Because Juliette Binoche is playing this hyphenate seamstress, Will doesn't bang on the door and have the kid and his bosses tossed in the pokey. He returns the next day with a tattered jacket, for it is he who's arrested. And I can't say I blame him. Accent and all, Binoche is an emotional kaleidoscope of joy, desperation, maternal love, sensuality, humor, pain, and panic.

But, alas, she's also Juliette Binoche. Her casting is the most blinding sign that "Breaking and Entering" won't be risking glamour to address the race and class divides.
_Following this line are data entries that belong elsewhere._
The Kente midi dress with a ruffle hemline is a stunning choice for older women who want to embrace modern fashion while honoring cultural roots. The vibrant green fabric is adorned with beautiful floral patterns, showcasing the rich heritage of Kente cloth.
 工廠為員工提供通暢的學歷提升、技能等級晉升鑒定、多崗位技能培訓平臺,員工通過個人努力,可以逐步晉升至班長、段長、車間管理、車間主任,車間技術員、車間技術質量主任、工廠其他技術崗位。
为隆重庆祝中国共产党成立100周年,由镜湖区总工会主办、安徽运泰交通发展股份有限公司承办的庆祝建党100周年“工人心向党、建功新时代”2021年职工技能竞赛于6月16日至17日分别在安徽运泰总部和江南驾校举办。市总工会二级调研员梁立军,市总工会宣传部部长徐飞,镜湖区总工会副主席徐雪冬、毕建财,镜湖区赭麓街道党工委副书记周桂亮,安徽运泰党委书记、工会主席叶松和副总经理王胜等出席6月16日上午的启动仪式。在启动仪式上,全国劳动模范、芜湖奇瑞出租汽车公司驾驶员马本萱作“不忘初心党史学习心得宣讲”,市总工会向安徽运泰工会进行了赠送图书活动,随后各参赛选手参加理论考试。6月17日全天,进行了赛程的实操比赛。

This isn't Binoche's fault. She was equally at home (and homelier, too) in 2000's "Code Unknown," Michael Haneke's far nastier tale of a European city (Paris) seething over immigrants, class, and race. "Breaking and Entering" doesn't seethe. It aims to soothe. Beauty is a balm here. Like Binoche, Wright Penn makes the most of her radiance. Her character, Liv, is meant to seem chilly in the Liv Ullman vein, spending most of the film in expensive-looking cream-colored blouses. But if Wright Penn's beauty gets more refined as she ages, so does the depth of feeling in her performances. She's a more convincing actor than ever.
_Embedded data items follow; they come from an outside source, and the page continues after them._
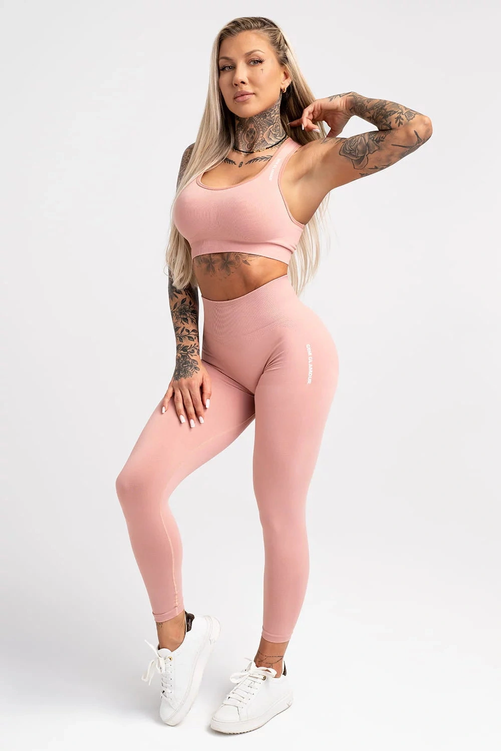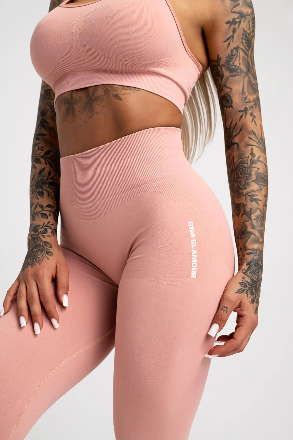 Kolekcia 2022 Less Is More Bezšvové kompresné legíny. Legíny maskujú nedokonalosti, skvele sa hodia na každý typ postavy. Ako pre svalnaté ženy, tak aj pre tie, ktoré necvičia. Materiál je silný, pružný a mäsitý. Ide o výrobok s najsilnejším materiálom v našej ponuke. Veľa sťahuje a tvaruje siluetu a zároveň netlačí a nespôsobuje nepohodlie pri intenzívnom cvičení. Pás je pevný a stabilný. Dokonale drží brucho, zužuje pás a poskytuje pohodlie pri cvičení. Nové logo - nápis Gym Glamour na boku, vyrobený z vylepšenej fólie. Nepriehľadné. Ani pri náročnom tréningu nie sú vidieť stopy potu. nezostávajú na nich žiadne peľ, vlasy a pod. Ideálna nielen na tréning, ale aj na každodenné nosenie. Skrytý, malý klin (vložka v rozkroku).
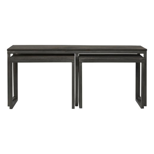 This coffee table features a set of 2 nesting tables has a iron base and is the top is constructed from 100% solid mango wood. The solid wood top has a fine sandblast finish and the base has a pewter finish. A very practical piece of furniture that will sit perfectly in the center of your living room.
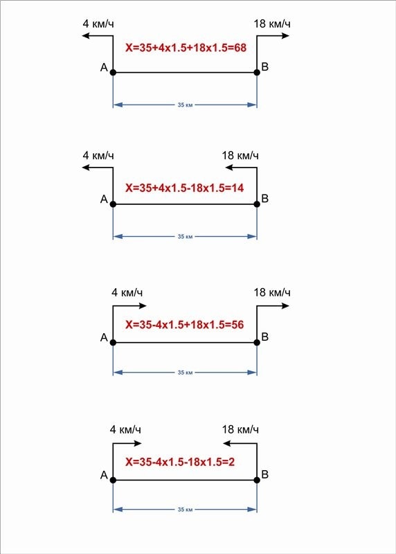 Щас попробую зарисовать 4 возможных решения данной задачи, если учитывать, что они двигались из разных сел, с расстоянием между ними в 35 км.
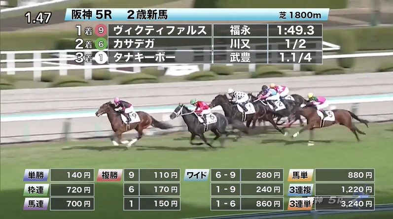 ◎タイトルホルダー(5人気)2着 複勝230円 - 11/23【阪神1R】2歳未勝利

Nonetheless, I'd have liked to see some of the compassion and altruism on display here exemplified by uglier people. The foxiness afoot (indeed there's a literal fox on the loose) gradually saps the movie of its power. This is the first Minghella film since 1991's "Truly Madly Deeply" that wasn't originally based on a literary work. He comes up with some wonderful discreet passages, like the scene when Amira comes to visit Will at a construction site. He's just eaten an apple and is casually holding the core.

That and the stolen Macs are nice signs of temptation. And Law, in his third film with Minghella and his latest cheating-lover role, is the ideal Adam, a dashing and delicately intuitive interpreter of personal conflict.
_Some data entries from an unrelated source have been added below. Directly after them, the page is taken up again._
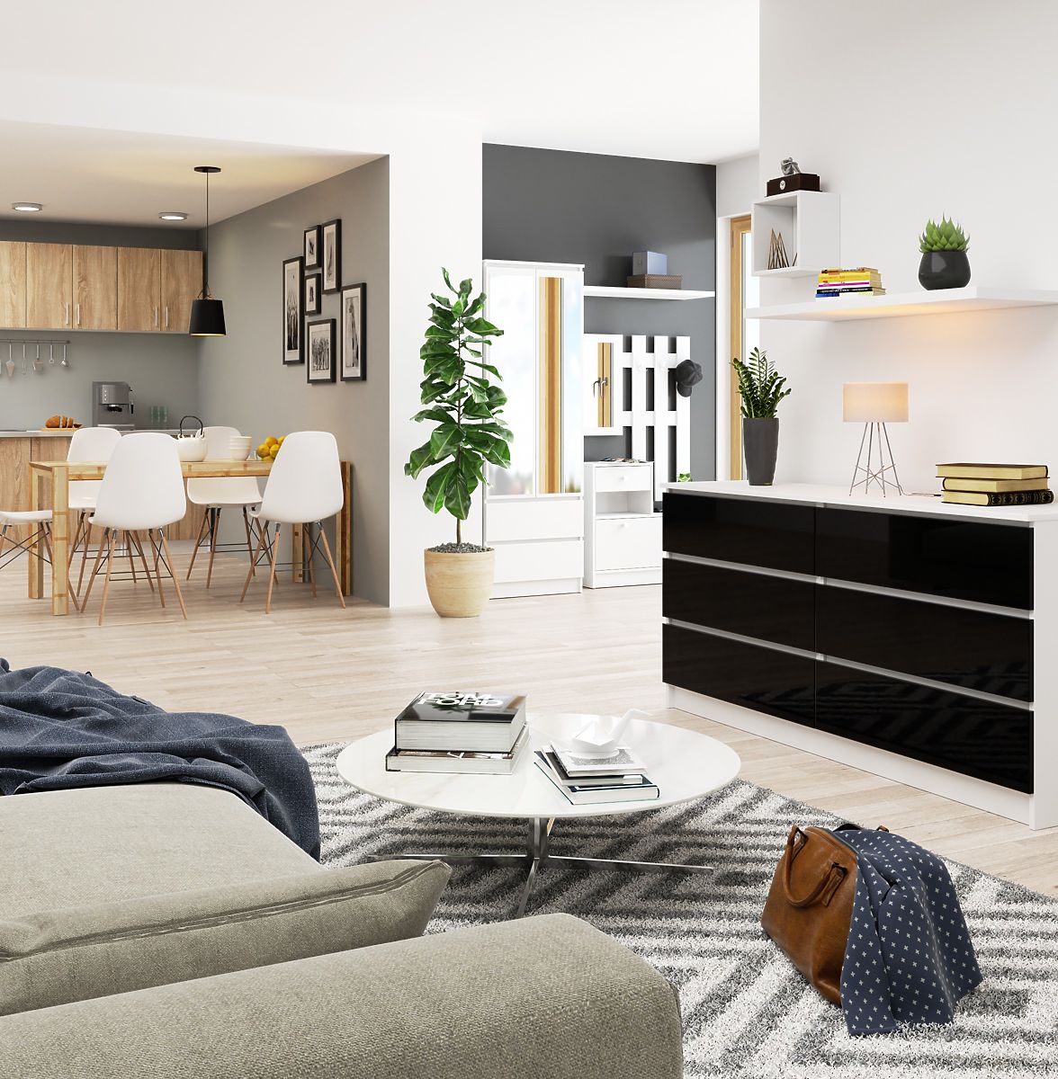 - Korpus komody vyrobený z laminovanej dosky biely mat 16mm odolnej proti oderu
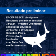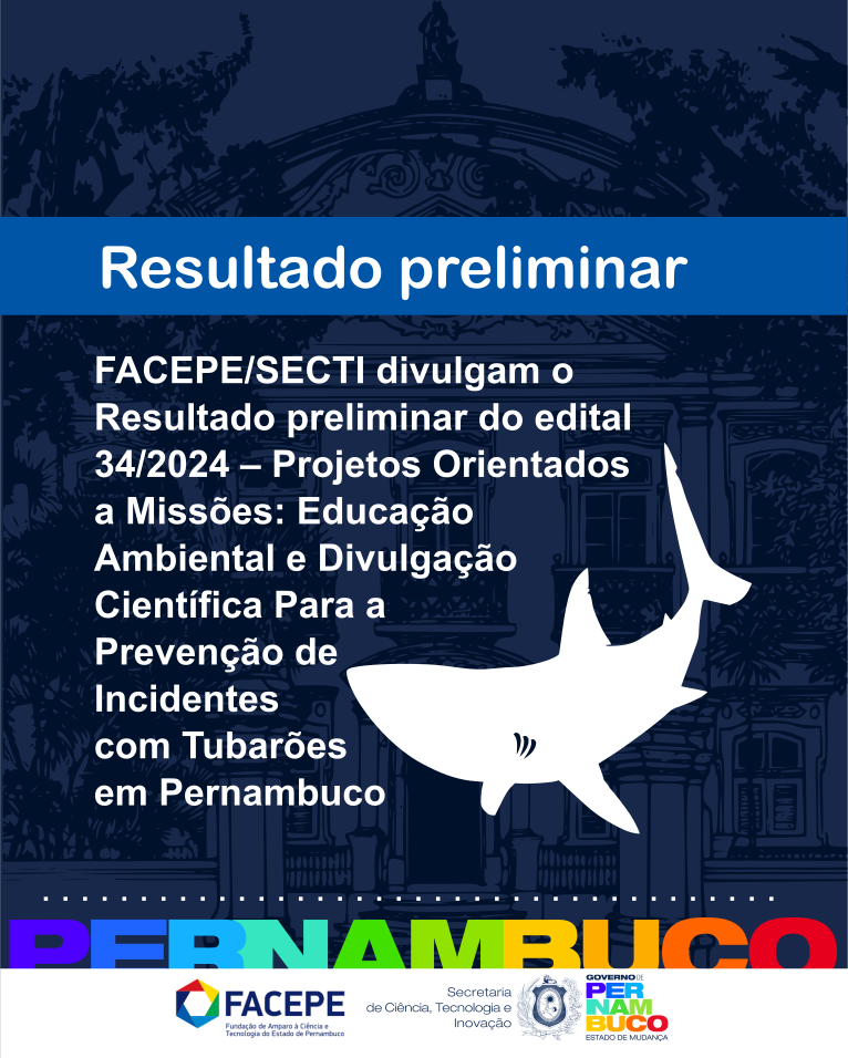 A Fundação de Amparo à Ciência e Tecnologia do Estado de Pernambuco – FACEPE, instituição do Governo de Pernambuco, vinculada à Secretaria de Ciência, Tecnologia e Inovação – SECTI/PE divulga o Resultado Preliminar do edital 34/2024 – Projetos Orientados a Missões: Educação Ambiental e Divulgação Científica Para a Prevenção de Incidentes com Tubarões em Pernambuco.
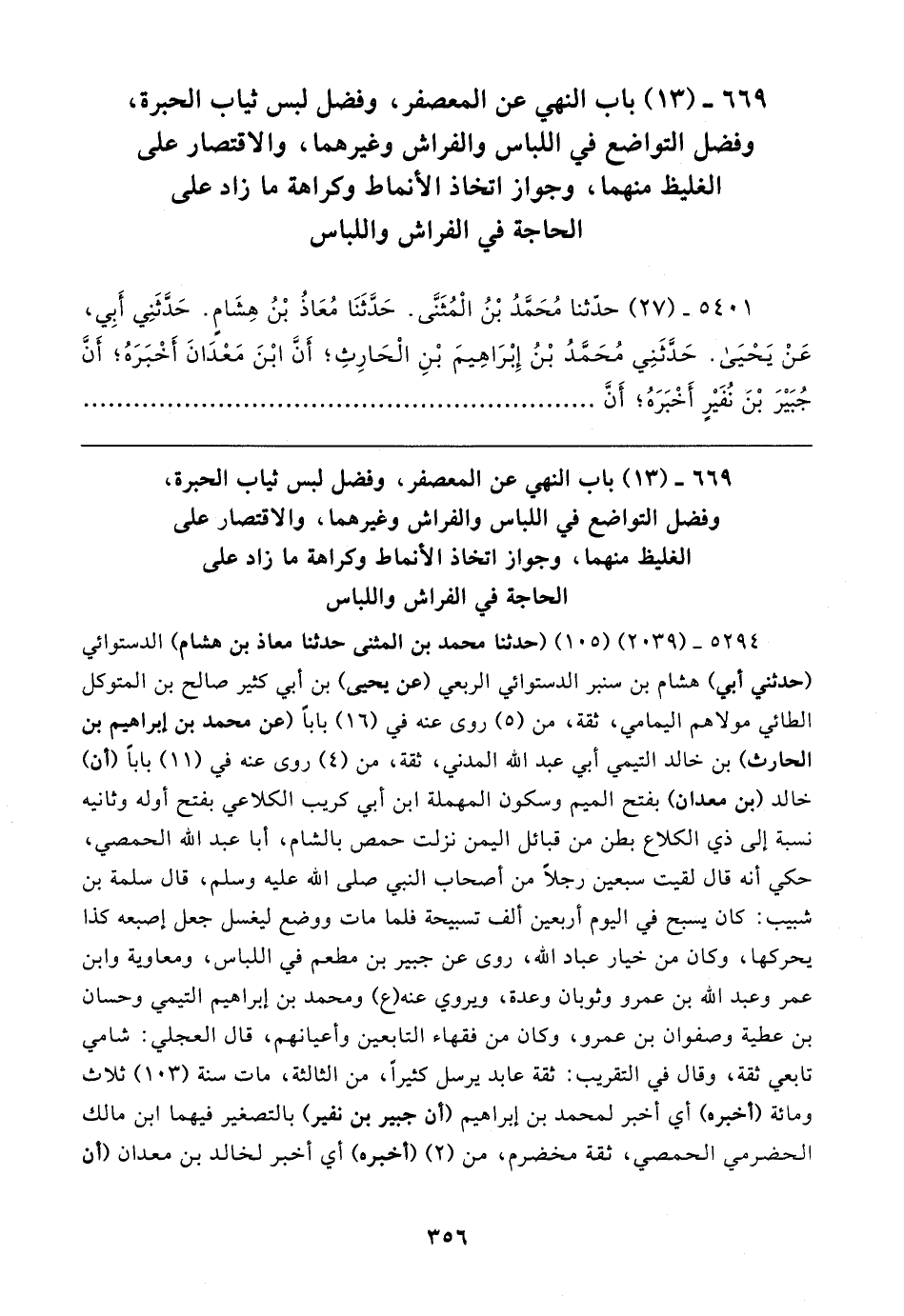 ٦٦٩ - (١٣) باب النهي عن المعصفر، وفضل لبس ثياب الحبرة، وفضل التواضع في اللباس والفراش وغيرهما، والاقتصار على الغليظ منهما، وجواز اتخاذ الأنماط وكراهة ما زاد على الحاجة في الفراش واللباس

But much of the trouble with this film is that Minghella brings all the costumey prestige of his previous sagas to bear on this smaller new picture: the layers of Gabriel Yared's silky score that wrap softly on every scene, the rampant tastefulness, and the unstoppable sophistication that keeps trying to reform the unseemly and non-natively English characters.

In fact, Minghella's preference persists for stories where he can put his brown characters in the background. "Cold Mountain," for instance, as movingly made as it was, managed to frame the Civil War around a love story between Law and Nicole Kidman , with Renée Zellweger in the unsinkable mammy part. Slavery was secondary to the story at hand. "Breaking and Entering," though, is about a kind of white privileged guilt and the apologies that come with it. Minghella gingerly backs away from provocation, from realism.

Why not have Law torn between a ritzy Jamaican girlfriend and a Pakistani seamstress? And why are all the lowlife and immigrant characters, including that cleaning woman and a funny Vera Farmiga as a Russian King's Cross hooker, shunted to the margins?

It's ironic, really. "Breaking and Entering" is a film about gentrification that feels in every way gentrified itself.